После войны, когда другие покупали вещи, хозяйка подросла и завела себе овчарку. Очень скоро овчарку пристрелили соседи: собака долго умирала в снегу, оседая и тая вместе с ним, — вокруг были разбросаны ошметки окровавленной ваты, которой пытались затыкать рану, — снег.

Потом у нее был дог, а потом она полюбила таксу. Лапки таксы были похожи на рождественские подарочные носочки Санта-Клауса. Такса много болела, капризничала, и хозяйка устроилась посудомойкой в ресторан, чтобы ее прокормить. В ресторане такса бегала между столиками и подавала гостям меню. Все уважали таксу, но она все равно много болела и наконец умерла.

И тогда хозяйка стала разводить говорящих грибят…

Тут заметки писателя обрываются, но я прекрасно могу продолжить и без него. Мне совершенно ничего не стоит писать так, как он. А вот пусть он попробует писать, как я!

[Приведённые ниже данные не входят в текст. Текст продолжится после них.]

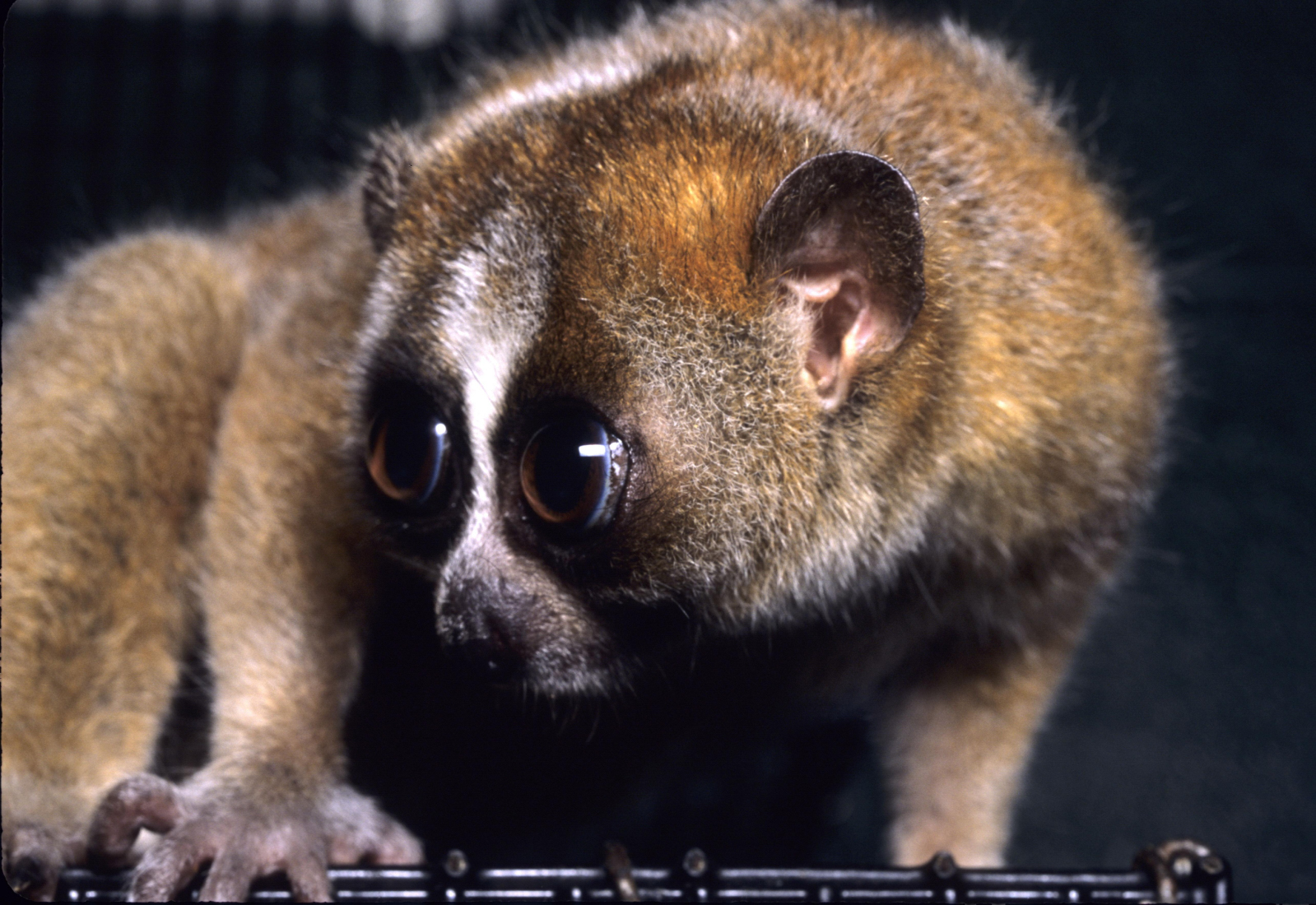 A close up side view of a Pygmy Slow Loris (Nycticebus pygmaeus) at the Duke Lemur Center in Durham, North Carolina.
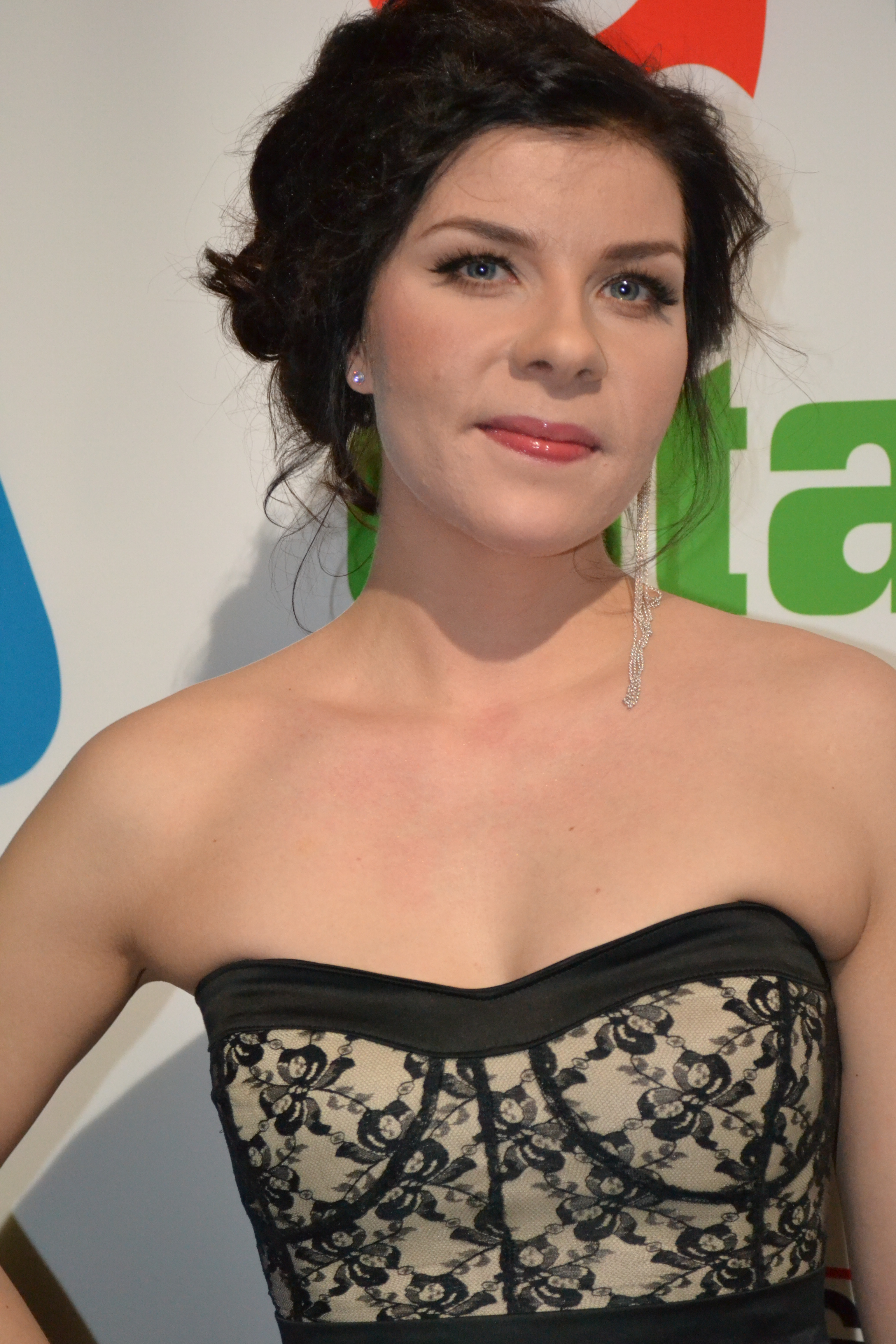 Armi Toivanen in 2013 Jussi Awards.

Она устроилась санитаркой в ветеринарную клинику города, принадлежавшую зеленым. Тайно там лечились и люди — и были очень довольны. Правда, чтобы попасть в эту ветеринарную клинику, людям приходится копить годами — такие там цены, и не всем удавалось дожить, — там собраны лучшие врачи, лучшие хирурги и лучшие диагносты города. Да подумайте сами! Как же иначе! Ведь это человек придет к врачу, все расскажет, на все пожалуется, все объяснит, — что его лечить? Он сам себя вылечит, да еще врачу назначение сделает. Не то, скажем, кошка. Молчит. Молчит и молчит. А вдруг что-то не то? А какие сложности? А с поджелудочной? Тут-то и подавай УЗИ, рентген, энцефалограмму, матку, наконец, в разрезе. Мне, например, там удалили аппендицит. Одно удовольствие!

Я ведь как туда попал? Там работал патологоанатомом мой приятель, он и устроил меня за полцены. Но с зелеными-то я, как известно, на ножах, вот они, когда узнали, и решили применить ко мне санкции. Причем тянули до последнего, я уже пошел на поправку, готовился к выписке. И вот как раз перед самой выпиской приходит с обходом главный зеленый. Говорит моему лечащему: «А эта животина почему голос не подает? Не долечили, что ли?» Врач умоляюще на меня смотрит, а я: «Ку-ку, курлы-курлы, тук-тук-тук!» Куда там! Спустили с лестницы. А патологоанатома моего выгнали, да еще и диплома лишили. Он с горя в мебельщики пошел.

Итак, хозяйка устроилась в ветеринарную клинику. Иногда ее за особую плату нанимали сиделкой к послеоперационным больным. Ей хотелось, чтобы больные любили ее, это именно она и придумала читать им вслух книги. И я, кстати, был уверен, что книгу писателя она купила с той же целью — читать животным. Правда, читать ей было тяжело. Она читала плохо, буквы расползались у нее перед глазами, будто они не могли долго стоять на одном месте, надо им было размяться.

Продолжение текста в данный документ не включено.